I still don’t agree entirely with Michael’s numbers though; for example his PMC OA count for the year 2000 is 3 438, whereas mine is:

library(rentrez)
es <- entrez_search("pmc", "open access[FILT] AND 2000[PDAT]")
es$count
[1] 4827

but we’re in the same ballpark, at least. Can I respectfully suggest that when writing blog posts which use numbers to support an argument, it’s important and useful to show exactly how those numbers were derived.

For comparison, and mainly because I wanted an excuse to use RPubs for the first time, here are a couple of documents that I created. The first one looks at the increase in PubMed articles marked as “free full text” as compared with total PubMed articles:

es <- entrez_search("pubmed", "freetext[FILT] AND 2000[PDAT]")
es$count
[1] 109326

pmc

Growth of PMC OA subset 2000-2013

“Free text available” is not the same as “open access”. That hasn’t stopped others from using it as a proxy for OA and I think it’s worth examining.

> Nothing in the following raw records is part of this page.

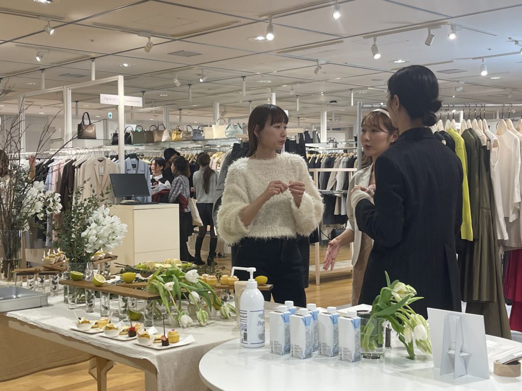 両日共18時~21時はインフルエンサーを招待。プレス担当のほかブランドメンバーが応対しながら春夏の新作をご試着、セレクトいただいた
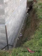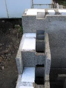 První vrstva tvárnic na základu nebo na stropu sklepa má být cca 150 mm nad přilehlým upraveným terénem a minimálně o 70 mm předsunuta z důvodu navázání izolace základu. Je-li zděno pod terénem, musí být provedena vodotěsná izolace vytažená min.150 mm nad upravený terén a kolem objektu se provede okapový chodníček se spádem od stěny.
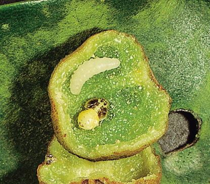 發生於葉背,單生或2∼3個聚生,極易脫落。癭體綠色,長約6mm,寬約4mm,光滑或具不明顯的縱稜。 蟲室內有單隻黃色的雙翅目癭蚋科(Diptera:Cecidomyiidae)幼蟲, 初期位於基部「之字形」蟲室,頂端具一小尖突。
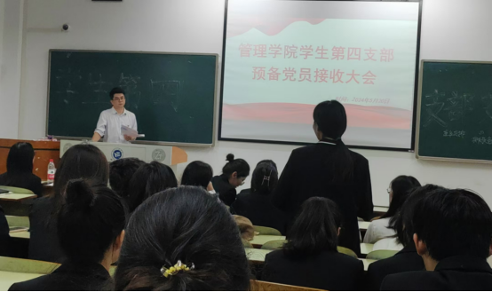 为进一步推进党的建设,保持党的先进性和纯洁性,增强党支部的凝聚力和战斗力。5月20日,管理学院学生第四党支部在新校区B-406召开预备党员接收支部大会。本次会议由支部书记罗蒙主持,管理学院学生第四党支部全体学生党员参加。
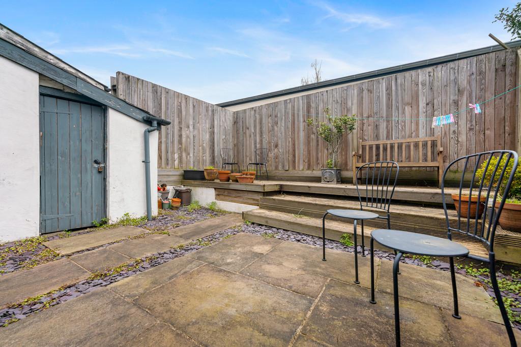 OUTSIDE Rear - Larger than average garden. Laid to patio with additional shingled areas. Outside storage shed. Decking to far end. Part fence, part wall border.
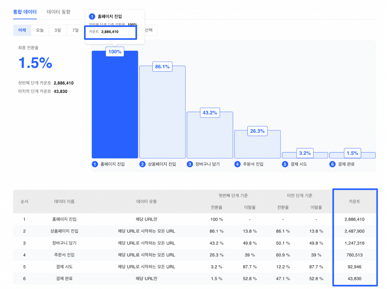 ๊ตฌ๋งค ํ๋ก์ฐ๋ฅผ ์ค์ฌ์ ๊ณ ๊ฐ์ ์ดํ๋ฅ ์ด ์ ์ ์ง ํ์ธ์ด ๊ฐ๋ฅํจ
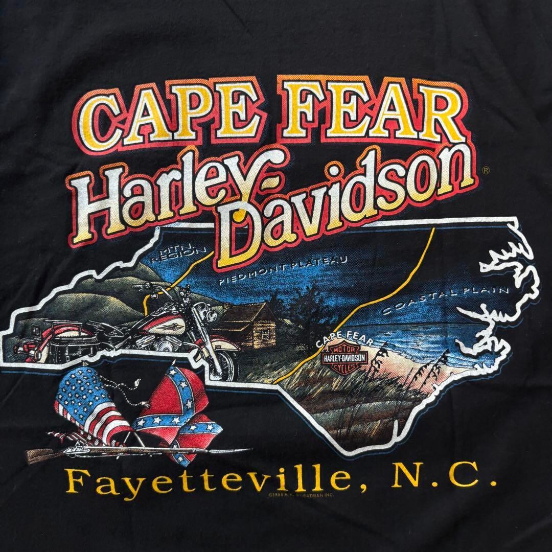 ノースキャロライナ州のディーラーアイテムと見えるこちらは、フロントの”REAL MEN DON’T NEED DIRECTION”/(本物の男には方角はいらない)、と言う我が道を進むハーレーと漢の世界観が込められたフレーズが実にハーレーらしいプリントが魅力的。
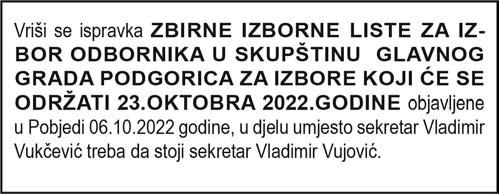 POBJEDE Đukanović: Vojska mora doprinijeti sigurnosti građana i stabilnosti države STR. 5. Stradala žena, traga se za dvoje djece Abazović hoće da zaustavi istragu o ruskim špijunima i državnom švercu cigareta
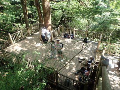 縄文杉の展望デッキ。疲れた人々が座って休んでいる
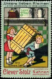 eine Geschichte in 10 Bildern, No. 4, Clever Stolz hochfeinste Sahnen - Margarine, Größe/Zustand: 6x4 , guter Zustand, Original alte Reklamemarke die seinerzeit für die Werbung benutzt wurde
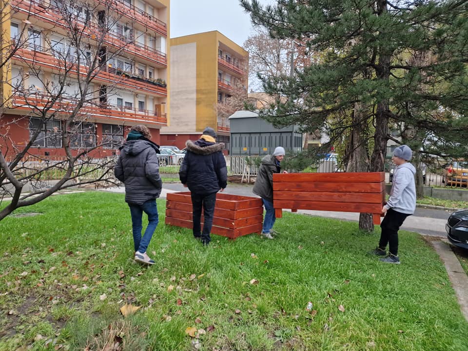 Az Öko szakkör tagjai Horváth Zétény és Papp Ferdinánd lelkesen kezdtek bele a munkálatokba Horváth Lénárd tanár úr és Nyikus Norbert tanár úr vezetésével.
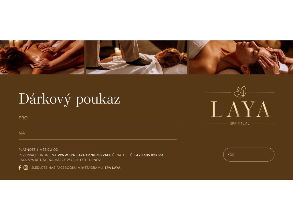 Platnost dárkového poukazu je 6 měsíců od data vystavení, pokud není stanoveno jinak. Tyto nabídky nelze kombinovat s jinou slevou, s jinou zvýhodněnou nabídkou pokud není domluveno jinak. Platnost dárkového poukazu nelze prodloužit.
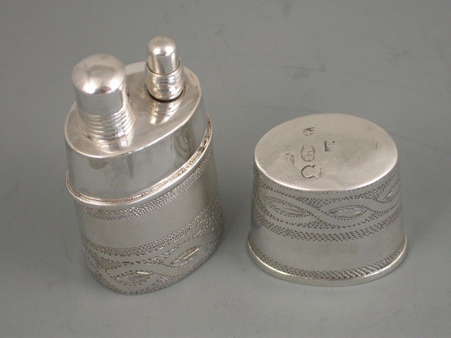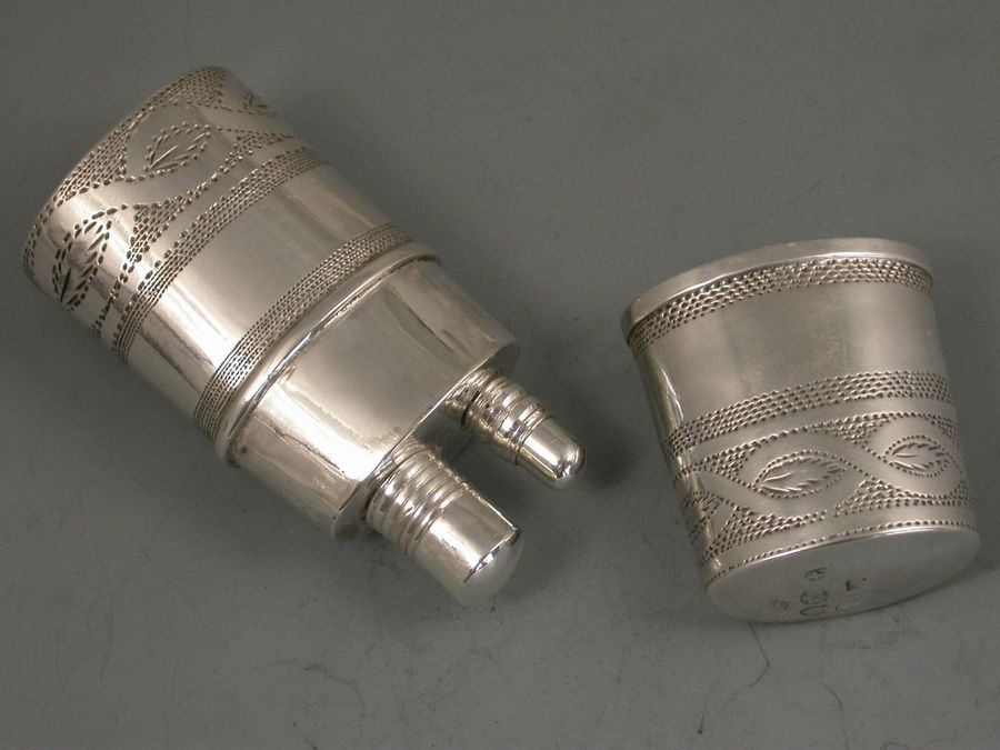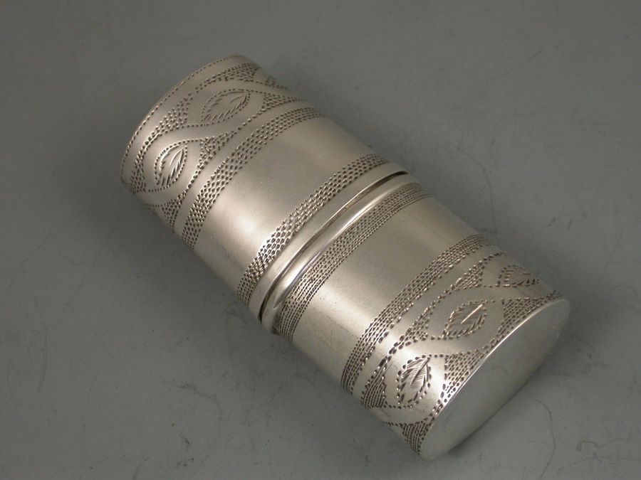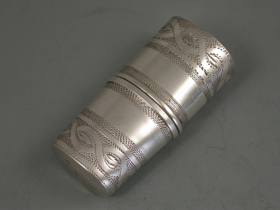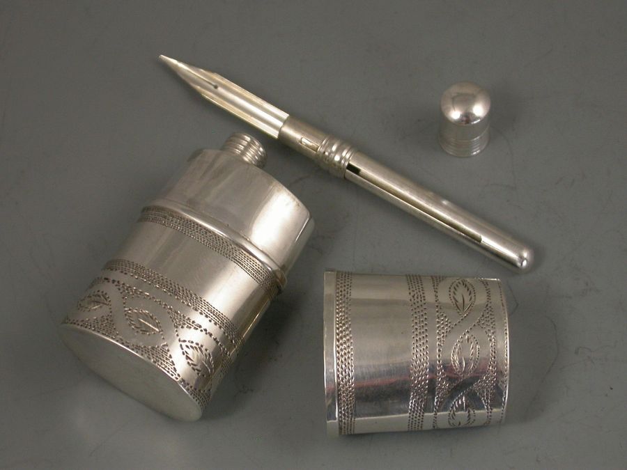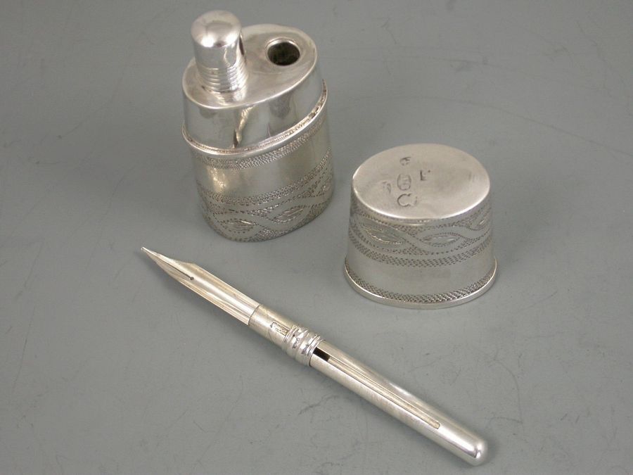 A rare George III Travelling Inkwell and Penner of oval tubular form with bands of bright cut engraved decoration, the inkwell with screw-off cover, the penner with sliding collar.

A major argument for OA is that publicly-funded research should be accessible to the public; if “free text available” achieves this then surely that is A Good Thing, regardless of whether it is “truly OA”. There are two messages from the OA movement, “accessibility” and “reusability” and to be frank, I think there are times when those messages become confused, mixed or lost inside technical, rather zealous arguments.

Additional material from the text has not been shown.